### WORK TASK
Verbatim repeat, images excluded. Give each entry again as written.

[Dataset excerpts]
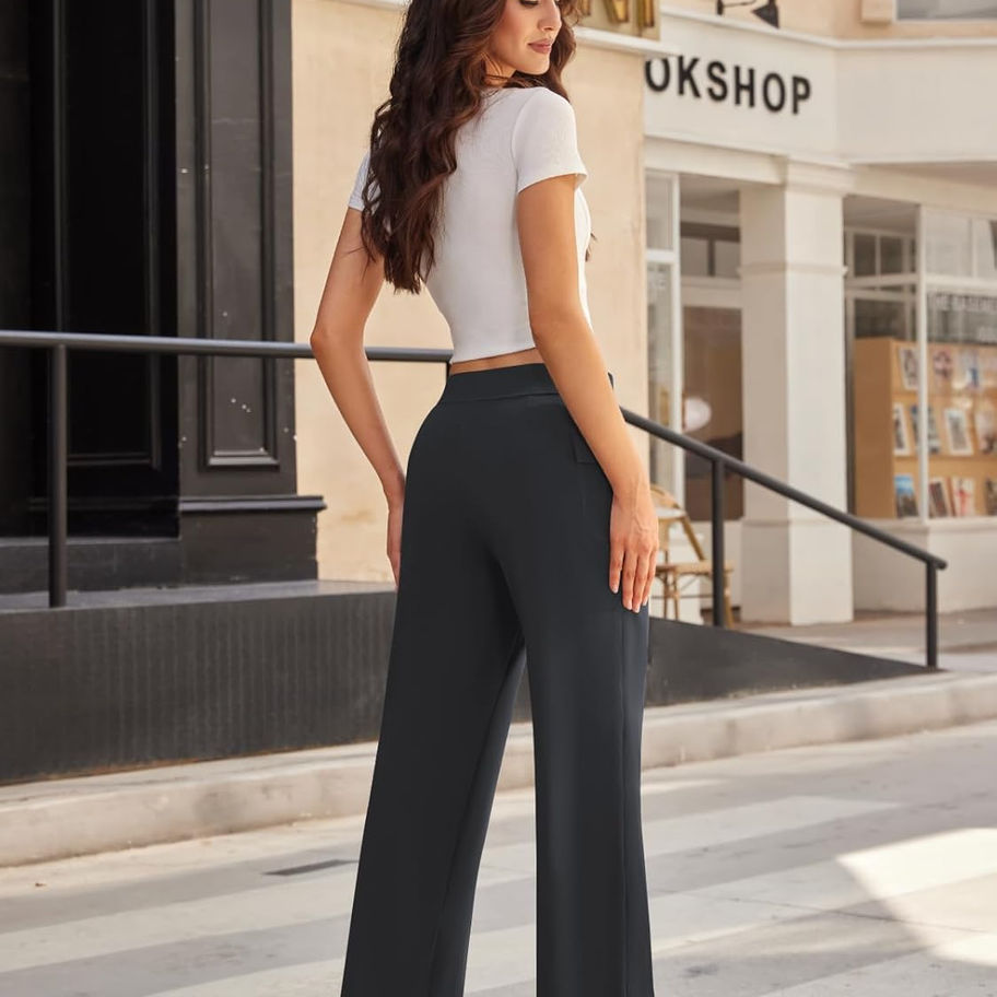 Adaptable a muchas ocasiones: Adecuado como pantalones de vestir para el trabajo, pero lo suficientemente cómodo para reuniones, citas y hogar. El elegante diseño de pierna ancha hace que estos pantalones de trabajo casuales para mujer sean fáciles de navegar en todo tipo de ocasiones.
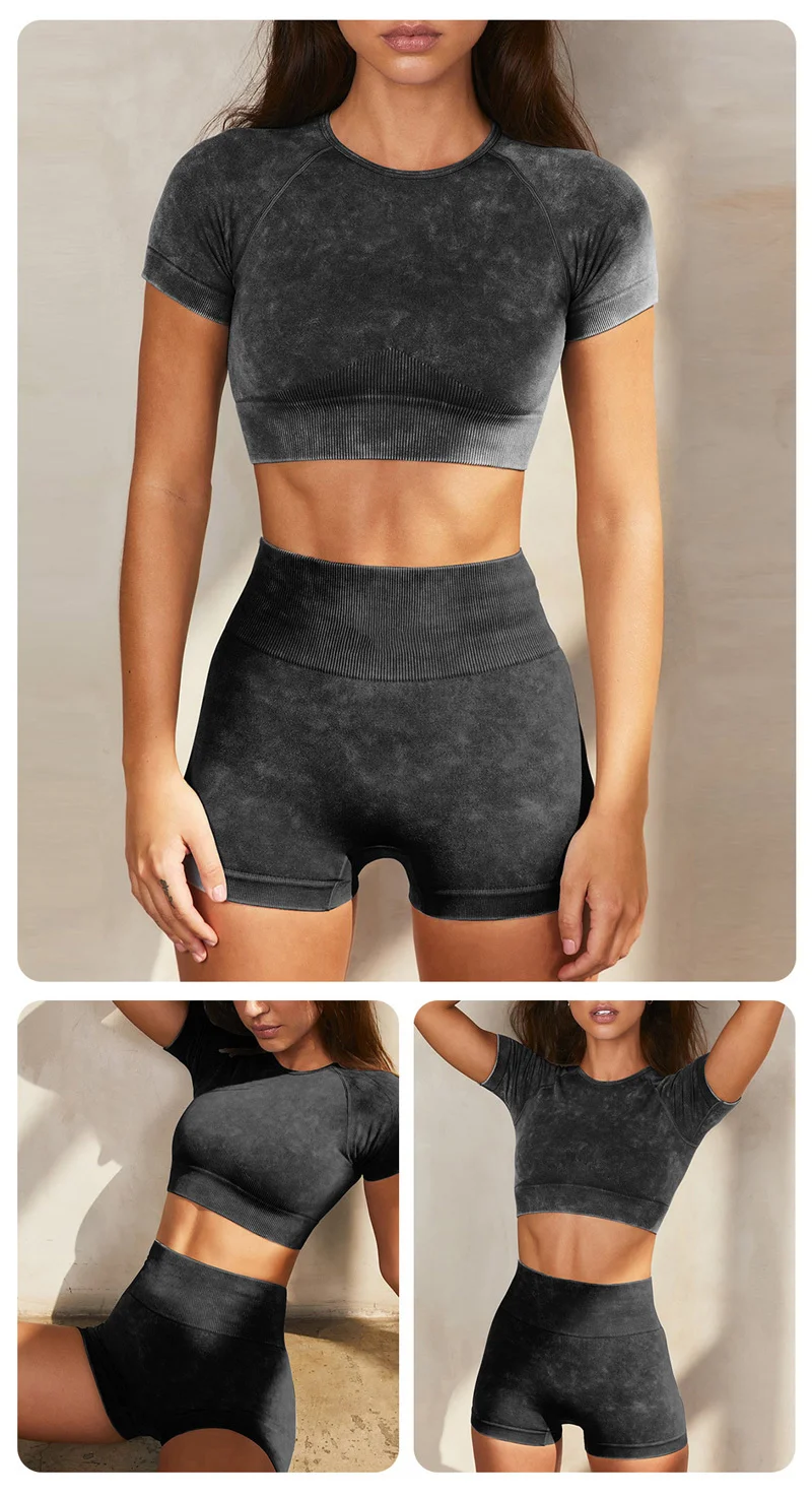 port Set Women Seamless Yoga Set Sports Bra Long Sleeve Crop Top Sports Top Gym Leggings Yoga Shorts Workout Clothes For Women
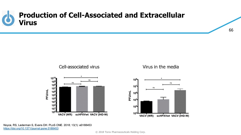 65 © 2018 Tonix Pharmaceuticals Holding Corp. HPXV Produces Small Plaques that are More Like Cowpox Than Vaccinia (VACV) Noyce, RS, Lederman S, Evans DH. PLoS ONE. 2018; 13(1): e0188453 https://doi.org/10.1371/journal.pone.0188453
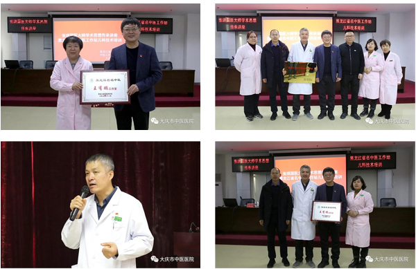 黑龙江省中医药学会中医儿科**委员会主任委员王有鹏教授为我院“黑龙江省名中医王有鹏工作室”“黑龙江省儿科名中医团队工作站”授牌,并与副主任委员王海教授分别作了《国医大师张琪学术箴言儿科传承心悟》及《张琪教授应用清心莲子饮**肾脏**经验介绍》的学术讲座。
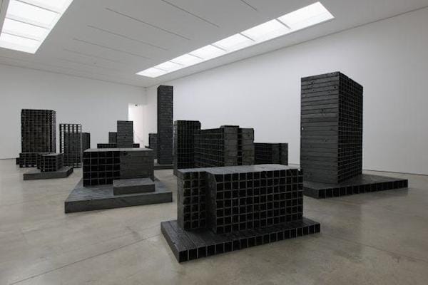 Mona Hatoum’s Bunker shows an apocalyptic cityscape in Beirut. The installation is a series of thirteen blackened structures, pocked with bullet holes, scarred by grenades. The installation’s imposing scale and oppressive and dark atmosphere were extremely confronting as it brought close the physical experience of violence. It was almost as if you could touch the fear of losing one’s life, one’s home, one’s children, the fear of losing everything and everyone, including a place to hide. For her no bunker is a safe space. These works for me were extremely accessible, maybe because of the scale, maybe because of the huge emotional involvement of both artists. They were also reminders of the daily realities of the war in many places around the world, when war is not only a haunting memory but a haunting reality. While some people need to remember, some people cannot even forget.
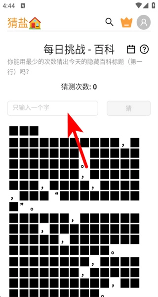 2、在每日挑战的百科板块中,当你在输入框里输入一个字并点击“猜”按钮后,就能开启挑战——通过多次尝试,以最少的次数猜出被隐藏的百科标题内容。
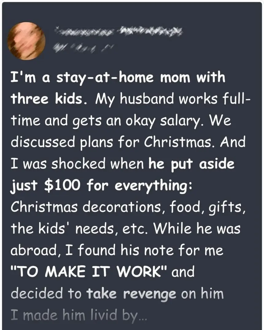 When Oliver handed me $100 and told me to make Christmas “work,” I decided enough was enough. After years of his selfishness and absurd demands, I came up with a plan to show him exactly what happens when you treat your wife like an afterthought.
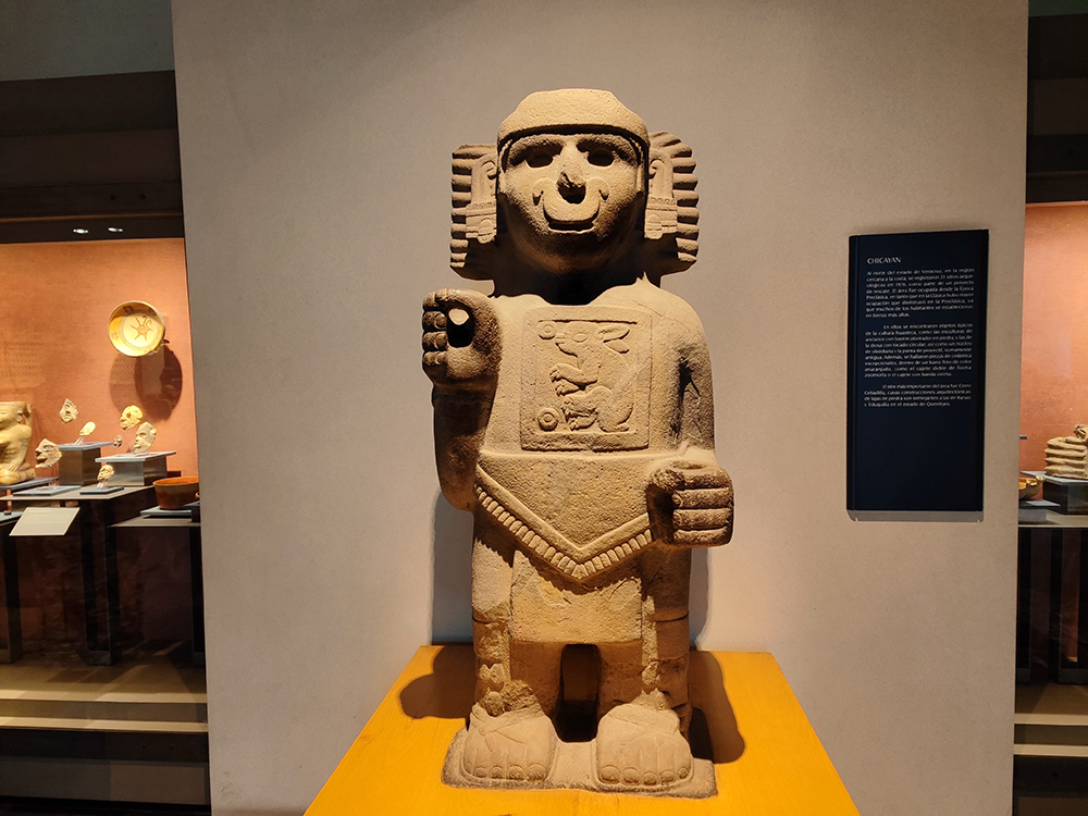 Каменная скульптура мексиканского божества Чак-Мооля — фигуры в позе полулежащего человека с чашей на животе для подношений. Над ним возвышается массивная голова Тлалока, бога дождя и плодородия, с характерными кольцевидными глазами, клыками и сложным головным убором из перьев и змей. Сбоку — рельефы с масками и символами, типичными для центральномексиканского стиля (тольтекско-ацтекского). Экспонат выполнен в классической мезоамериканской манере из вулканического камня.
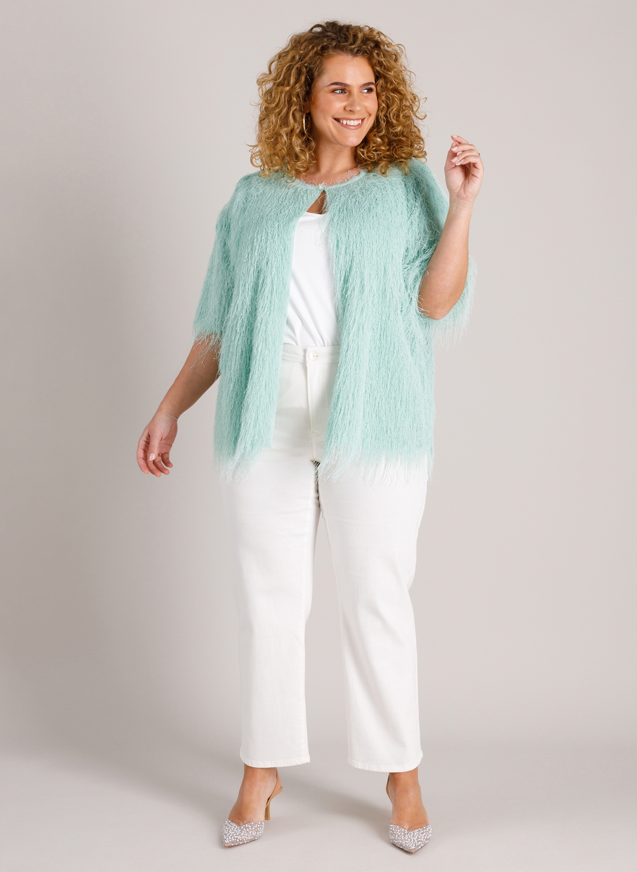 • Kenmerken: Harige structuur met korte mouwen en openvallende voorzijde
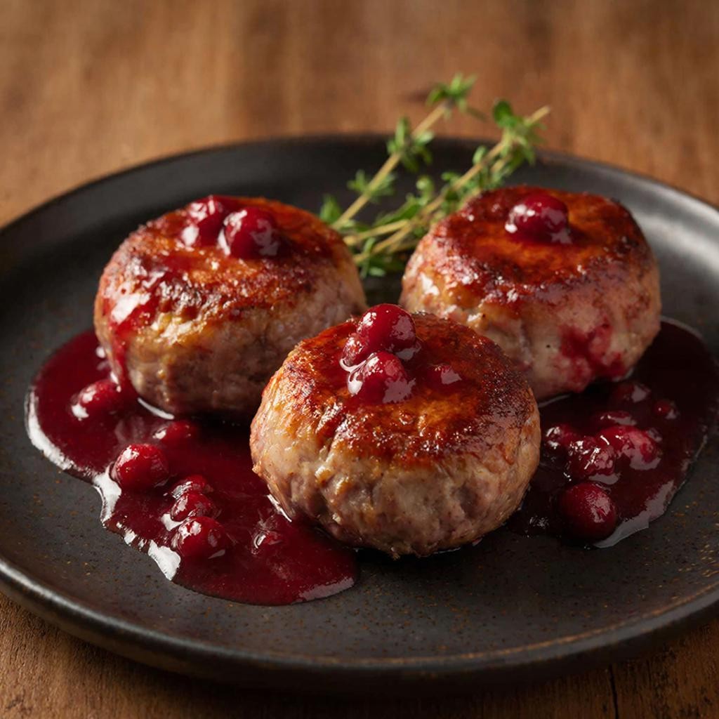 Верните биточки в сковороду и прогрейте их в соусе ещё 3–5 минут, чтобы мясо вобрало аромат ягод и вина.
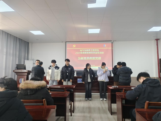 会上,李克明宣读了学院党委关于党员发展和转正的批复,并向新党员们表示祝贺,要求全体党员在今后的专业学习、社会实践和创新创业等各项工作中牢记党员身份,切实履行党员职责,勇当先锋充分发挥模范带头作用。丁忠利、李克明向新加入党组织的党员同志们佩戴党员党徽。宣誓环节上,全体新老党员起立,面向鲜红的党旗,在领誓人带领下,举起右拳,庄严宣誓,宣誓声铿锵有力,展现同志们坚定的理想信念和为党的事业奋斗终生的坚定决心。在专题党课环节上,丁忠利围绕党的二十届三中全会的丰富内容和重大意义等方面,分别从党的改革开放历程、全面深化改革的重大意义、三中全会报告的丰富内涵、大学生贯彻落实全会精神的具体实践路径等方面作了阐述与讲解;同学们听后纷纷表示对全会精神有了更深入的理解和把握,对未来大学里的努力方向有了更强劲的动力,在今后的专业学习、社会实践、班级管理、同学帮扶等方面将持续努力,以更加坚定的信念、更加务实的作风、更加有为的成绩,展示新时代学生党员的新作为和新形象。

### FINISHED EXERCISE
 Adaptable a muchas ocasiones: Adecuado como pantalones de vestir para el trabajo, pero lo suficientemente cómodo para reuniones, citas y hogar. El elegante diseño de pierna ancha hace que estos pantalones de trabajo casuales para mujer sean fáciles de navegar en todo tipo de ocasiones.
 port Set Women Seamless Yoga Set Sports Bra Long Sleeve Crop Top Sports Top Gym Leggings Yoga Shorts Workout Clothes For Women
 65 © 2018 Tonix Pharmaceuticals Holding Corp. HPXV Produces Small Plaques that are More Like Cowpox Than Vaccinia (VACV) Noyce, RS, Lederman S, Evans DH. PLoS ONE. 2018; 13(1): e0188453 https://doi.org/10.1371/journal.pone.0188453
 黑龙江省中医药学会中医儿科**委员会主任委员王有鹏教授为我院“黑龙江省名中医王有鹏工作室”“黑龙江省儿科名中医团队工作站”授牌,并与副主任委员王海教授分别作了《国医大师张琪学术箴言儿科传承心悟》及《张琪教授应用清心莲子饮**肾脏**经验介绍》的学术讲座。
 Mona Hatoum’s Bunker shows an apocalyptic cityscape in Beirut. The installation is a series of thirteen blackened structures, pocked with bullet holes, scarred by grenades. The installation’s imposing scale and oppressive and dark atmosphere were extremely confronting as it brought close the physical experience of violence. It was almost as if you could touch the fear of losing one’s life, one’s home, one’s children, the fear of losing everything and everyone, including a place to hide. For her no bunker is a safe space. These works for me were extremely accessible, maybe because of the scale, maybe because of the huge emotional involvement of both artists. They were also reminders of the daily realities of the war in many places around the world, when war is not only a haunting memory but a haunting reality. While some people need to remember, some people cannot even forget.
 2、在每日挑战的百科板块中,当你在输入框里输入一个字并点击“猜”按钮后,就能开启挑战——通过多次尝试,以最少的次数猜出被隐藏的百科标题内容。
 When Oliver handed me $100 and told me to make Christmas “work,” I decided enough was enough. After years of his selfishness and absurd demands, I came up with a plan to show him exactly what happens when you treat your wife like an afterthought.
 Каменная скульптура мексиканского божества Чак-Мооля — фигуры в позе полулежащего человека с чашей на животе для подношений. Над ним возвышается массивная голова Тлалока, бога дождя и плодородия, с характерными кольцевидными глазами, клыками и сложным головным убором из перьев и змей. Сбоку — рельефы с масками и символами, типичными для центральномексиканского стиля (тольтекско-ацтекского). Экспонат выполнен в классической мезоамериканской манере из вулканического камня.
 • Kenmerken: Harige structuur met korte mouwen en openvallende voorzijde
 Верните биточки в сковороду и прогрейте их в соусе ещё 3–5 минут, чтобы мясо вобрало аромат ягод и вина.
 会上,李克明宣读了学院党委关于党员发展和转正的批复,并向新党员们表示祝贺,要求全体党员在今后的专业学习、社会实践和创新创业等各项工作中牢记党员身份,切实履行党员职责,勇当先锋充分发挥模范带头作用。丁忠利、李克明向新加入党组织的党员同志们佩戴党员党徽。宣誓环节上,全体新老党员起立,面向鲜红的党旗,在领誓人带领下,举起右拳,庄严宣誓,宣誓声铿锵有力,展现同志们坚定的理想信念和为党的事业奋斗终生的坚定决心。在专题党课环节上,丁忠利围绕党的二十届三中全会的丰富内容和重大意义等方面,分别从党的改革开放历程、全面深化改革的重大意义、三中全会报告的丰富内涵、大学生贯彻落实全会精神的具体实践路径等方面作了阐述与讲解;同学们听后纷纷表示对全会精神有了更深入的理解和把握,对未来大学里的努力方向有了更强劲的动力,在今后的专业学习、社会实践、班级管理、同学帮扶等方面将持续努力,以更加坚定的信念、更加务实的作风、更加有为的成绩,展示新时代学生党员的新作为和新形象。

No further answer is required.